__Exercise description__.
Nothing but the lines from the first line of the records below to the line holding "Add a touch" belongs in the answer, copied exactly and without pictures.

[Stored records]
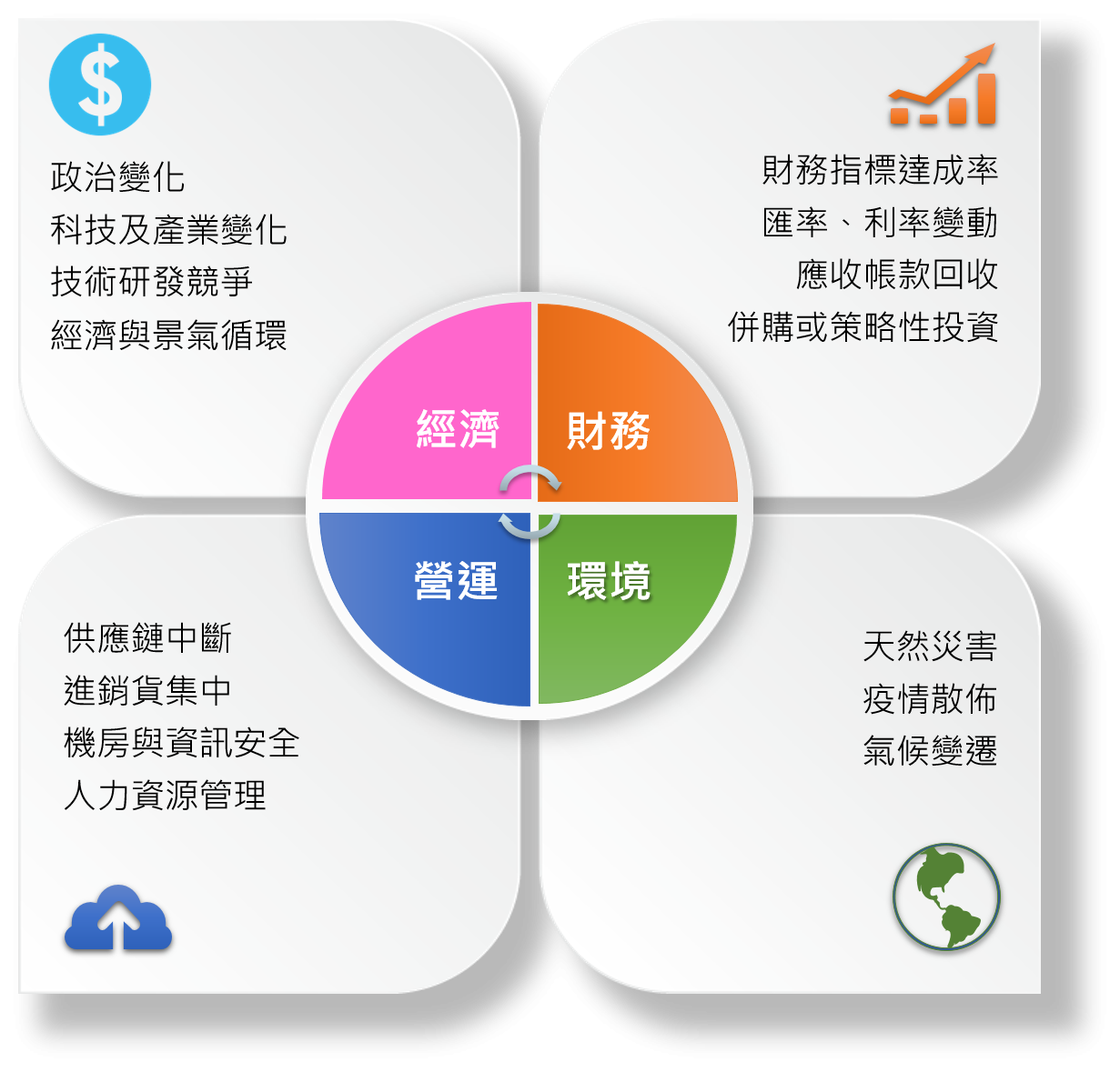 為掌握公司營運可能面臨之內外部風險,我們進行風險因子鑑別,篩選出風險管理範疇,並依據最新內部稽核之發展及準則要求,監測潛在風險並實行預防措施,以強化風險管理,提升危機應變能力,達到風險控管之目標,進而促進股東價值、維持競爭力與奠定企業永續經營之基礎。
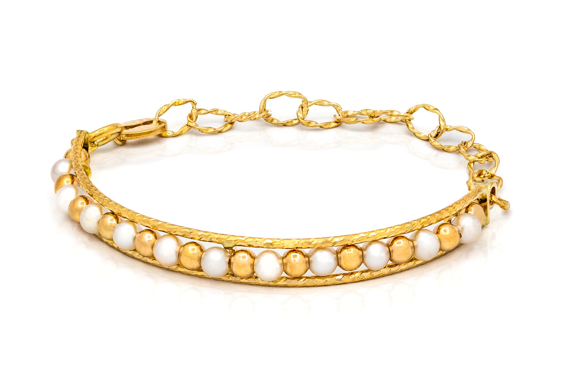 Add a touch of elegance and charm to your little one's wrist with our Half Bangle Gemstones Baby Bracelet. Handcrafted with 14KY gold, this half bangle bracelet features lustrous pearls or vibrant turquoise, adding a delicate yet sophisticated touch. Choose from pearl, turquoise, or a combination of both for a truly unique and luxurious piece.
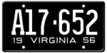 1956 Embossed white serial on black plate; "19 VIRGINIA 56" at bottom 123-456 1 to 999-999
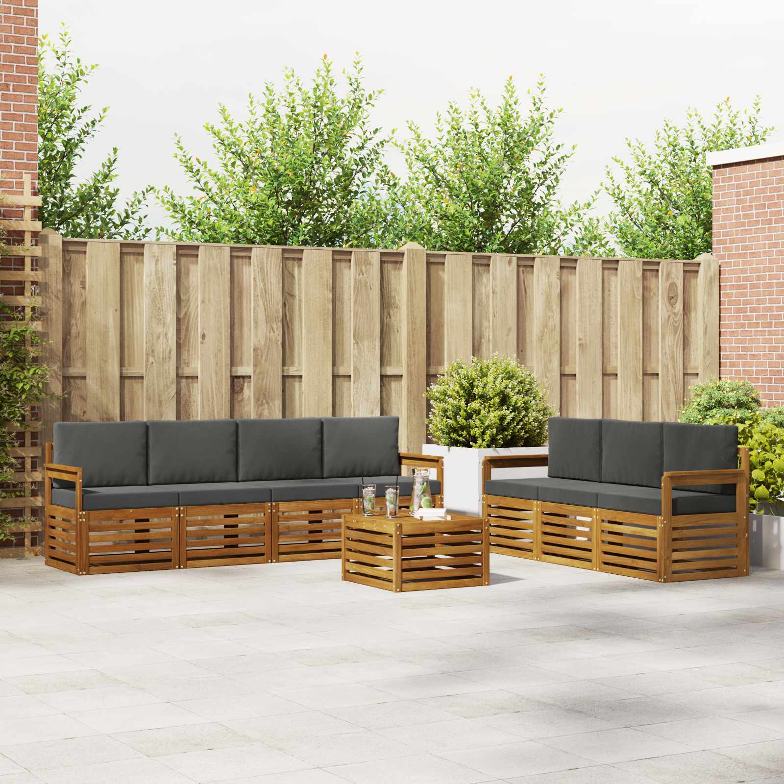 Tato venkovní gaučová souprava spojuje moderní styl s nadčasovou funkčností. Je ideální pro ty, co mají rádi jednoduchost a šarm. S elegantními liniemi a minimalistickým designem se stane středobodem vašeho venkovního prostoru. Je skvělá pro relaxaci v zahradě, na terase nebo u bazénu. Lamelové opěradlo a rám nabízejí pohodlné sezení, které je super pro setkání s přáteli nebo chvíle o samotě. Umožňuje vám přetvořit jakýkoli prostor na osobní útulí, kde se elegantně spojuje příroda s pohodlím. Materiál z masivní akácie: Tato venkovní sofa souprava je vyrobena z kvalitního akáciového dřeva, známého svou odolností vůči počasí. Přírodní variace barvy a vzoru dodávají každému kusu jedinečný šarm. Díky tomu vydrží krásná i v drsných podmínkách. Modulární konfigurace: Každá část gauče se dá přehazovat podle vašeho vkusu. Díky této flexibilitě si můžete upravit uspořádání podle potřeby, ať už pořádáte večírek, nebo chcete mít útulný koutek pro čtení. Umožňuje vám vymyslet origami pro různé příležitosti. Odolnost vůči počasí: Navrženo s lamelovým designem, tohle sofa vydrží měnící se počasí. Je ideální do zahrady, na terasu nebo k bazénu a odolává vyblednutí a opotřebení od slunce, větru i deště. Pohodlné opěradlo: Opěradla jsou navržena tak, aby nabídla ergonomickou oporu. Poskytují skvělé pohodlí, takže můžete relaxovat, ať už máte volný den na sluníčku, nebo pořádáte venkovní dýchánek. Péče a údržba: Pro co nejlepší vzhled se doporučuje používat kryt, když gauč není v provozu, a pravidelně otírat vlhkým hadříkem, aby se zbavil prachu a nečistot. Tyhle jednoduché údržbové tipy zajistí, aby vám gauč sloužil ještě dlouho.
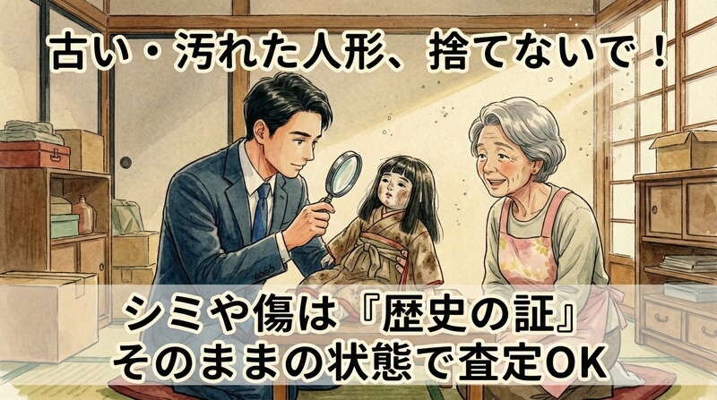 遺品整理や実家の片付けの際に、何十年も前の古い人形が出てくることは決して珍しくありません。しかし、その人形を目にした多くの人が「こんなに汚れていては売れないだろう」「誰も欲しがらないから、ゴミとして処分するしかない」と早合点し、諦めてしまっています。
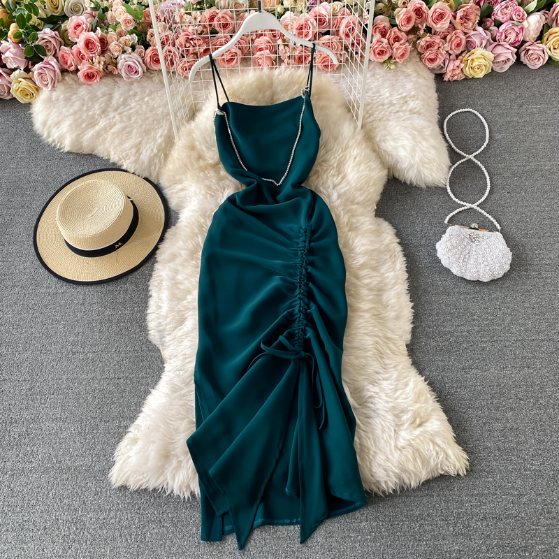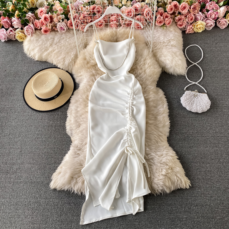 Fashion sexy annual open fork cultivate one’s morality show thin dress summer backless smoked rope sling women dress
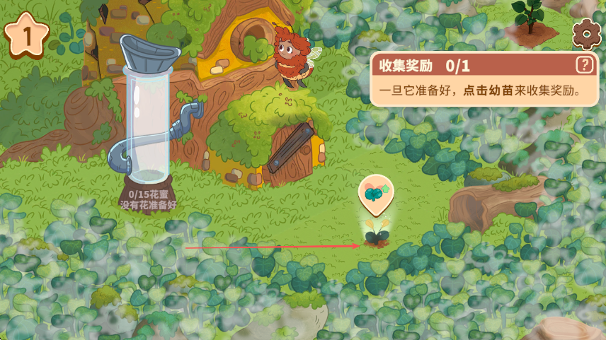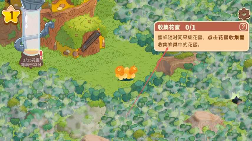 4、看到提示收集花蜜0/1,点击花蜜收集器,收集蜜蜂采集到蜂巢中的花蜜,推进游戏进程。
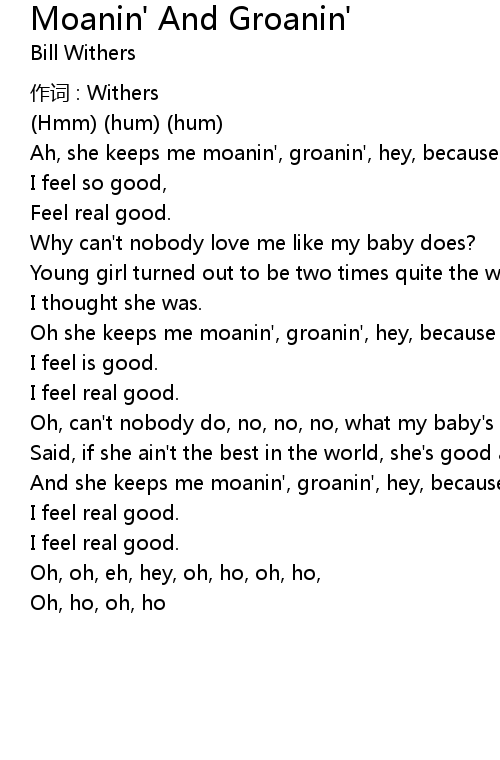 | Oh she keeps me moanin', groanin', hey, because | |
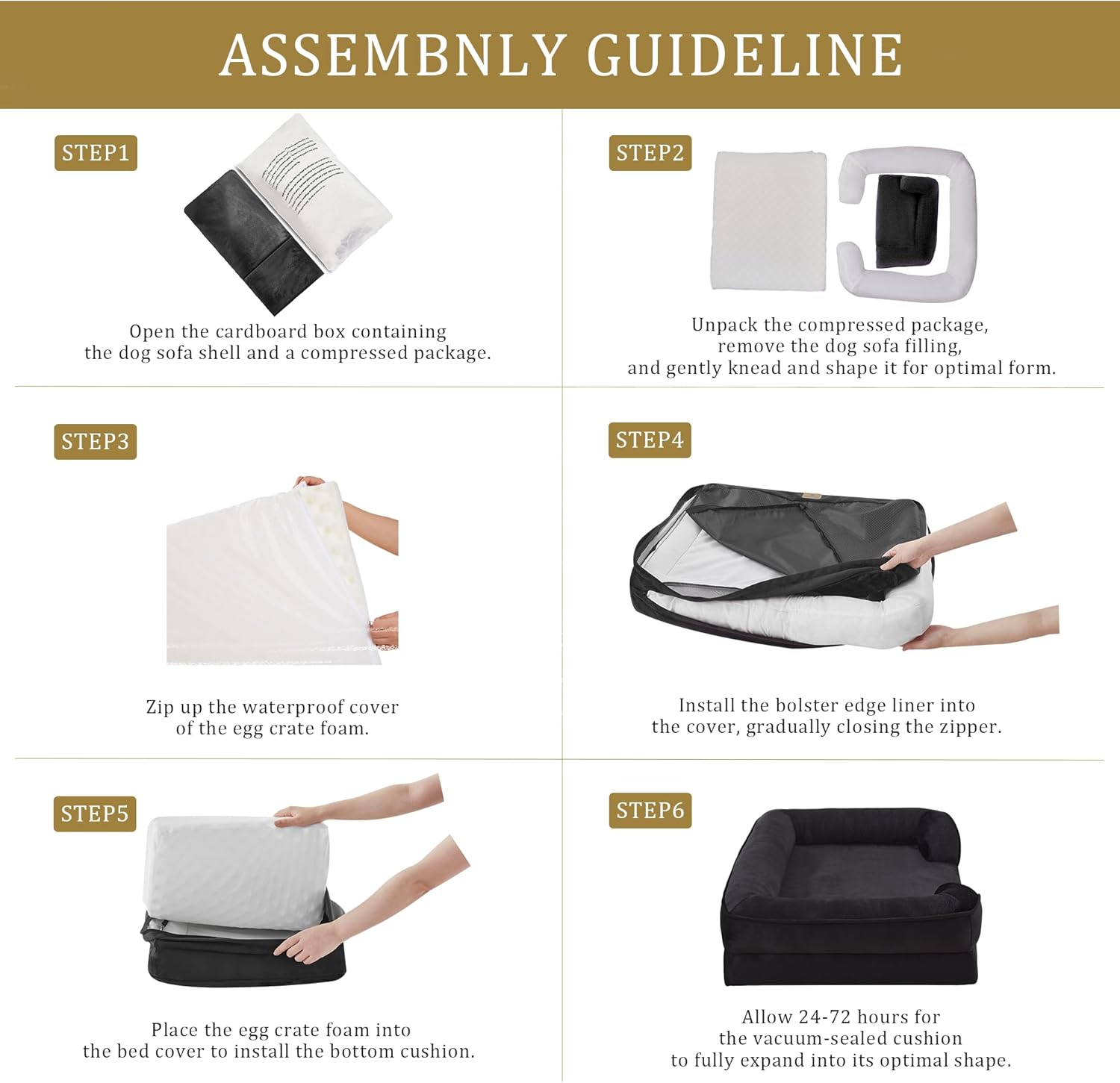 Bedfolks Orthopedic Dog Bed, Waterproof Dog Sofa Bed for Large Dogs, Egg Foam Pet Couch Bed with Removable Washable Cover and Nonslip Bottom, Black
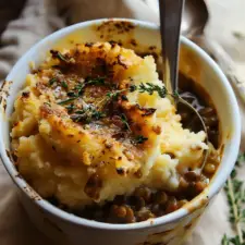 This Vegan French Onion Shepherd’s Pie is a comforting, plant-based twist on the classic dish, featuring a rich caramelized onion and lentil filling topped with a creamy cauliflower-potato mash. It’s hearty, satisfying, and packed with umami flavors, making it the perfect dish for cozy dinners or meal prep. Plus, it’s gluten-free, dairy-free, and easy to make ahead!
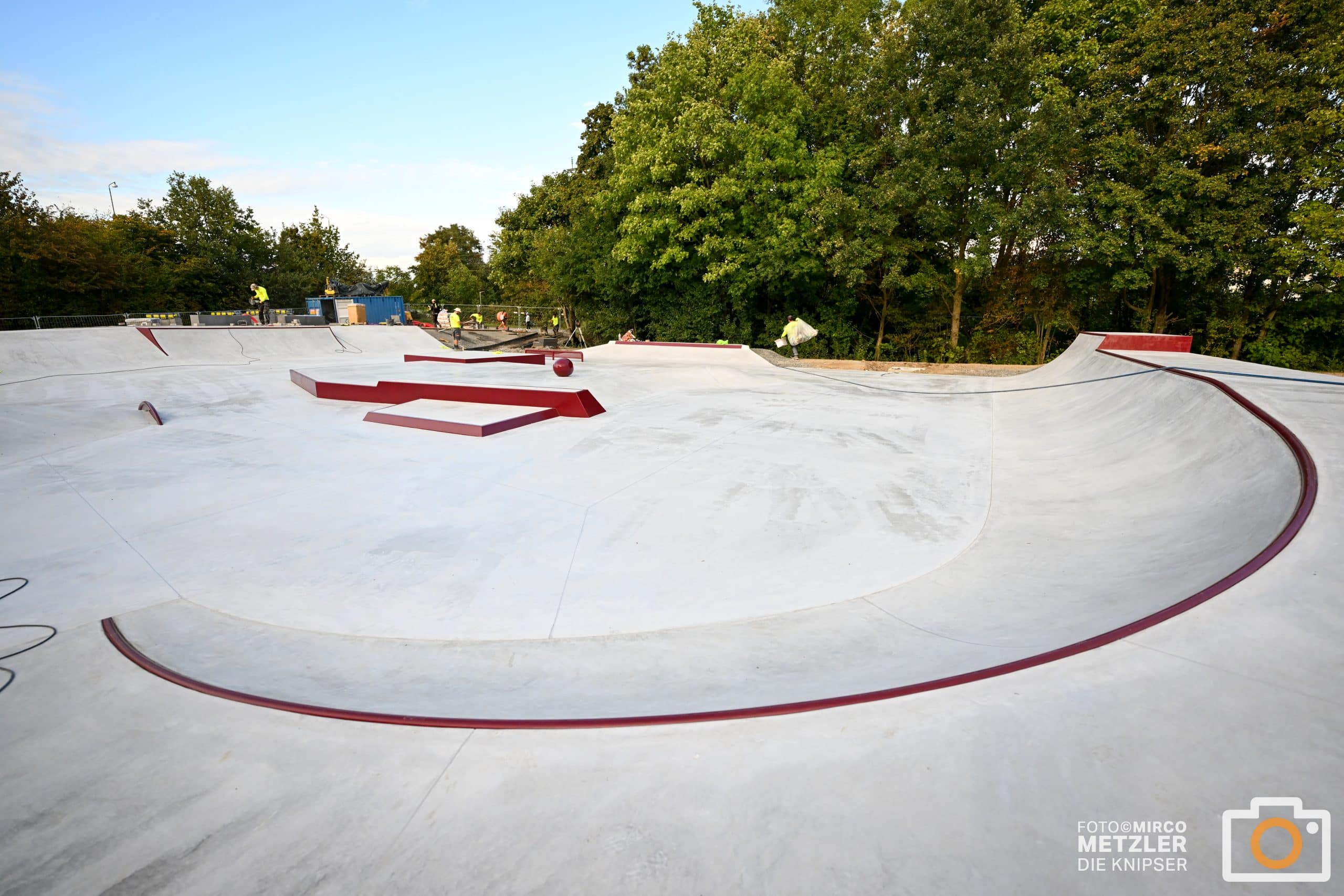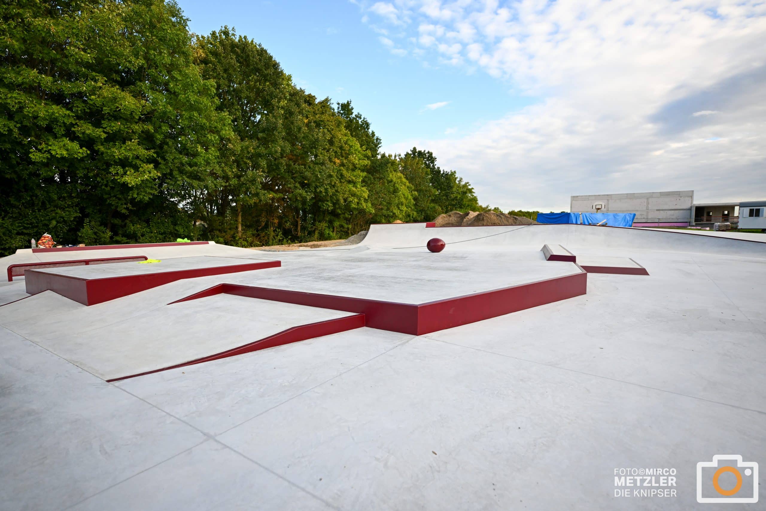 Die neue 600.000-Euro-Skateanlage in Osthofen nimmt Formen an: Erste Rampen und Rails sind bereits sichtbar, die Einweihung ist für Oktober geplant. Fotos: Mirco Metzler/Die Knipser
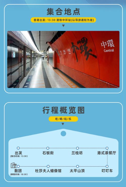 含石板街+蘭桂坊+港式下午茶+叮叮車體驗+太平山頂纜車(來回)+杜莎夫人蠟像館入場門票+香港本地持證導遊服務
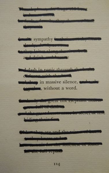 Blackout #171 Sympathy in massive silence, without a word. -Kel Dayheart Share this: Click to share on X (Opens in new window) X Click to share on Facebook (Opens in new window) Facebook Like Loading... Leave a comment Cancel reply Δ
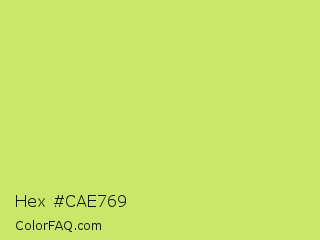 Hex #cae769 Color is a light lime color and the nearest color is Yellow Green #c5e17a. Hex code #cae769 and RGB value is rgb(202,231,105). In RGB color space, this color is composed of 79% red, 91% green, 41% blue, In CMYK color space, this color is composed of 13% cyan, 0% magenta, 55% yellow , 9% black , In HSL color space, this color has a hue angle of 74° , 72% saturation and 66% lightness.
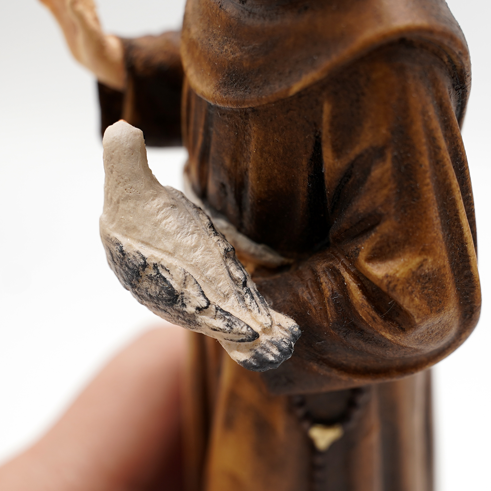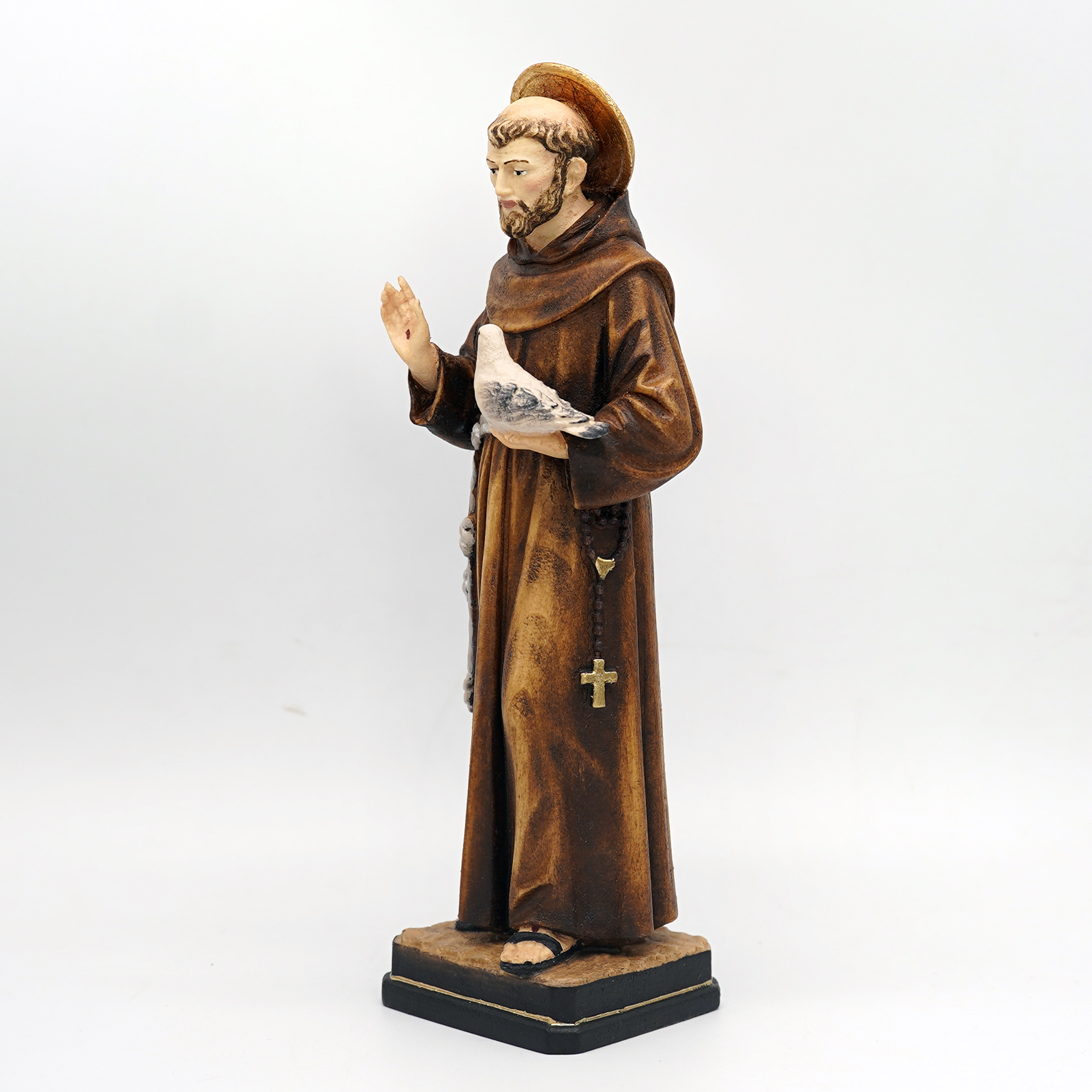 【现货】木雕-圣方济各与和平鸽木雕圣像-21厘米
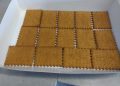 4.  מורחים את מילוי הוניל על הבסקוויטים הלבנים.
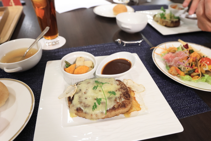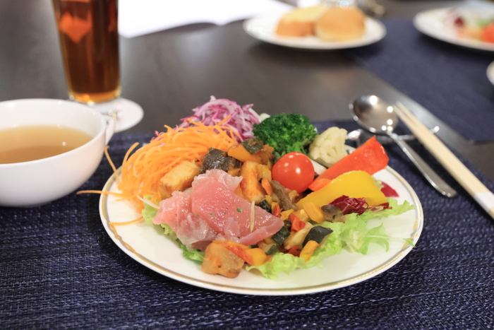 ハーフビュッフェスタイル。前菜やサラダ、スープ、デザートはビュッフェ。皿が小さいのよ。21cmサイズで乗り切らん!24cmか27cmが欲しい。野菜はもりもり取りたい私です!

__Finished task__.
 為掌握公司營運可能面臨之內外部風險,我們進行風險因子鑑別,篩選出風險管理範疇,並依據最新內部稽核之發展及準則要求,監測潛在風險並實行預防措施,以強化風險管理,提升危機應變能力,達到風險控管之目標,進而促進股東價值、維持競爭力與奠定企業永續經營之基礎。
 Add a touch of elegance and charm to your little one's wrist with our Half Bangle Gemstones Baby Bracelet. Handcrafted with 14KY gold, this half bangle bracelet features lustrous pearls or vibrant turquoise, adding a delicate yet sophisticated touch. Choose from pearl, turquoise, or a combination of both for a truly unique and luxurious piece.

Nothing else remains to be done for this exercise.